Chromosomal position information and synteny analysis

Chromosomal position of GhRADs exhibited that 17 GhRADs were distributed unevenly to 11 chromosomes. Out of 17 genes, six genes were mapped on At sub-genome, while nine GhRAD genes were mapped on Dt subgenome and two genes were present in the form of scaffolds (Fig. S5). This uneven distribution pattern of GhRAD genes on chromosomes illustrated the presence of genetic variability during the evolutionary process. More deeper insights showed that the maximum number of genes were mapped on chromosome D02. Most chromosomes contained a single GhRAD gene and no gene was located on chromosome A02 and A04 of At sub-genome as well as chromosome D03 of Dt sub-genome.

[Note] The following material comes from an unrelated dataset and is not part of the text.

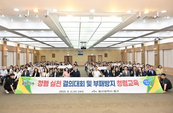 내고향뉴스 고광만 기자 | 울산 중구가 9월 3일 오후 2시 중구청 대회의실에서 ‘2025년 청렴 실천 결의대회 및 부패 방지 청렴교육’을 진행했다.

Collinearity analysis between orthologs of At and Dt sub genomes revealed that the different GhRAD and GbRAD loci showed significantly conserved pattern among At and Dt sub-genomes (Fig. 2 A and B and Table S3, S4). Our results indicated that At and Dt sub-genomes are orthologous in the A genome (G. arboreum) or D genome (G. raimondii). Upland cotton (G. hirsutum) was produced after hybridization between G. arboreum and G. raimondii. In our study, 112 and 15 orthologous/paralogous gene pairs were identified in G. hirsutum and G. barbadense respectively.

Fig. 2
figure 2

Collinearity analysis of GhRAD and GbRAD genes. Orthologous/paralogous gene pairs were indicated by blue color lines

Ka/Ks ratios of GhRAD and GbRAD genes were calculated by Ka/Ks calculator 2.0 (Table S3, S4). In the course of evolution, duplicated gene pairs underwent non-functionalization, neofunctionalization and sub-functionalization [21]. In G. hirsutum 74 gene pairs exhibited Ka/Ks values below 0.5, illustrating that GhRAD genes bear purifying selection pressure while 15 genes showed Ka/Ks ratio above 0.5 and only three genes have Ka/Ks ratio of less than 0.1. While in G. barbadense 15 genes exhibited Ka/Ks ratio of less than 0.5. Taken together, our results indicated that purification selection pressure has a great contribution in maintaining the functional divergence of GhRAD and GbRAD genes.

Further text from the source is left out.